**** DATA PROVIDED

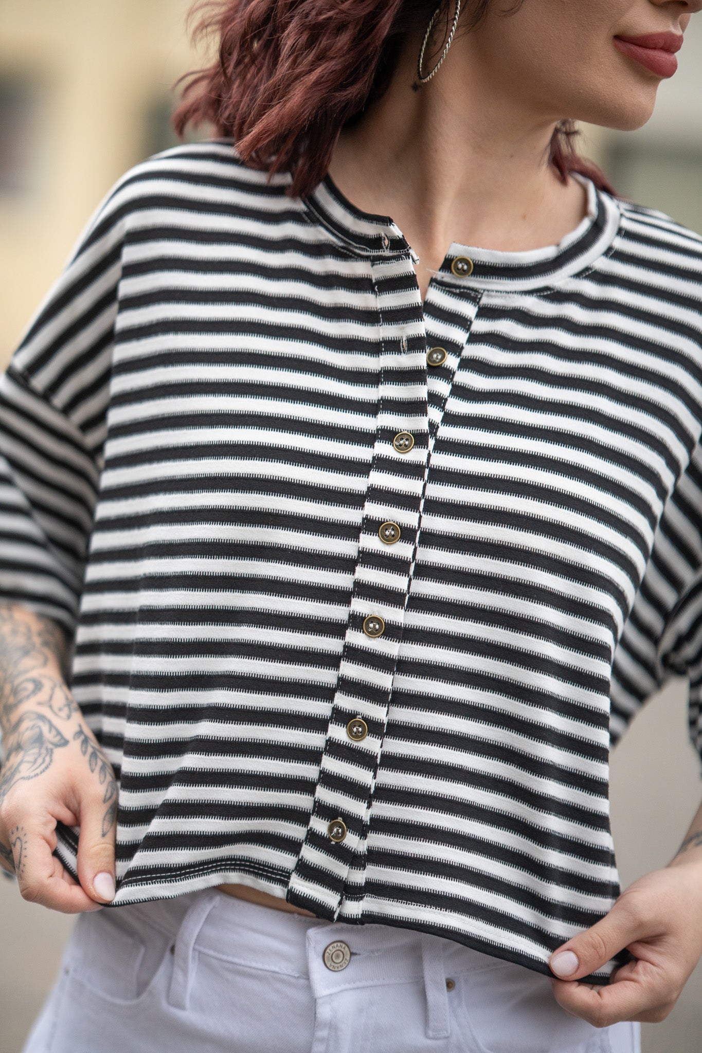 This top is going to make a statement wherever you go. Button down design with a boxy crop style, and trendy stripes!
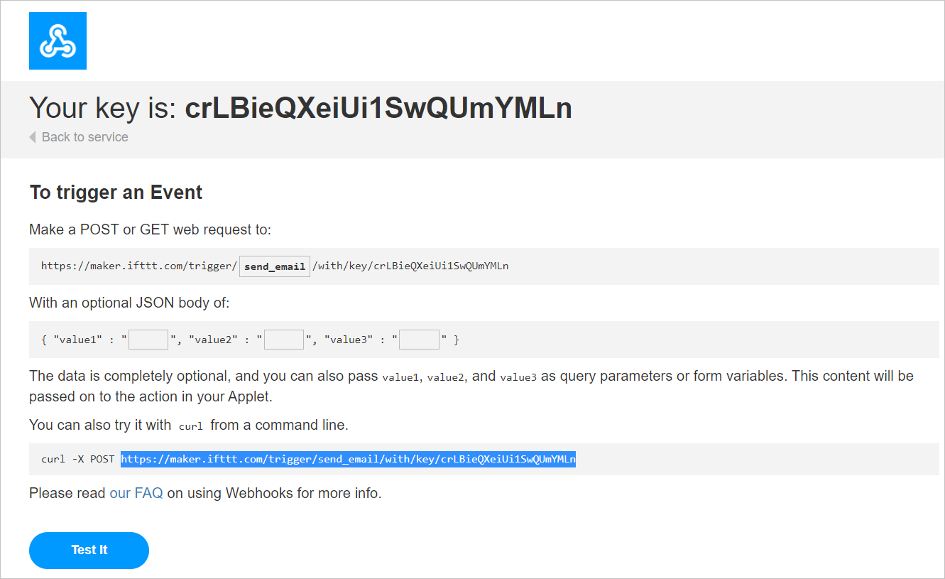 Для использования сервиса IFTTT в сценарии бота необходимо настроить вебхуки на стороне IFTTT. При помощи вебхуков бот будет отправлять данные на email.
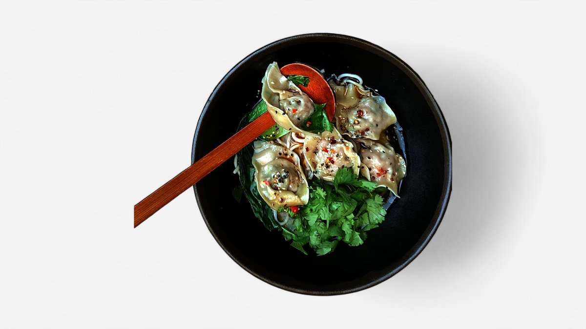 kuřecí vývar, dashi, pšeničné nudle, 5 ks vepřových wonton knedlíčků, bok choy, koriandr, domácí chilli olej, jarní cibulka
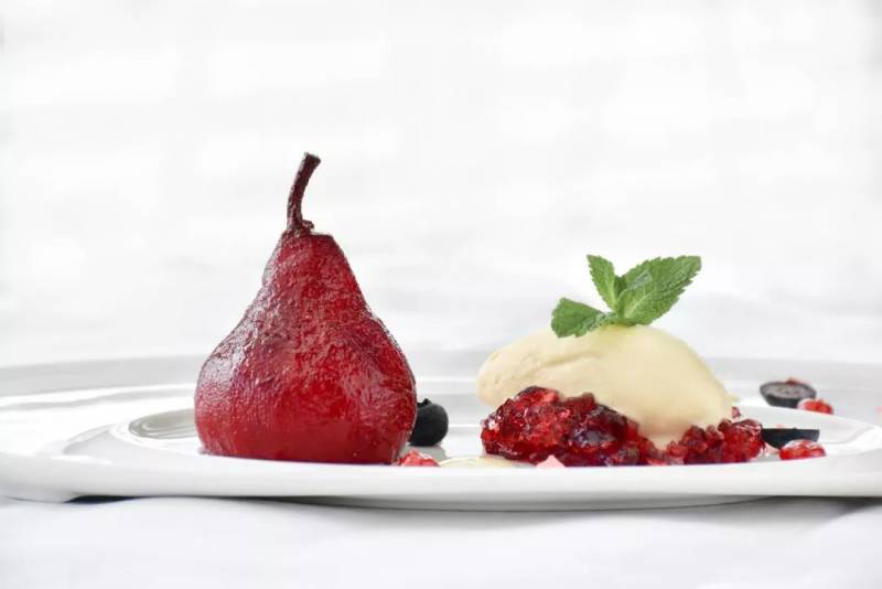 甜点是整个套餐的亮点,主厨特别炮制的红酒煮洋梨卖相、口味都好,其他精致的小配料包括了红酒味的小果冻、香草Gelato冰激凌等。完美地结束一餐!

********

Any picture in the listing is to be omitted. Return exactly the lines from the one containing "kuřecí vývar, dashi, pšeničné" through its last line, both included, and only those.

* ANSWER FOR THIS EXERCISE:
 kuřecí vývar, dashi, pšeničné nudle, 5 ks vepřových wonton knedlíčků, bok choy, koriandr, domácí chilli olej, jarní cibulka
 甜点是整个套餐的亮点,主厨特别炮制的红酒煮洋梨卖相、口味都好,其他精致的小配料包括了红酒味的小果冻、香草Gelato冰激凌等。完美地结束一餐!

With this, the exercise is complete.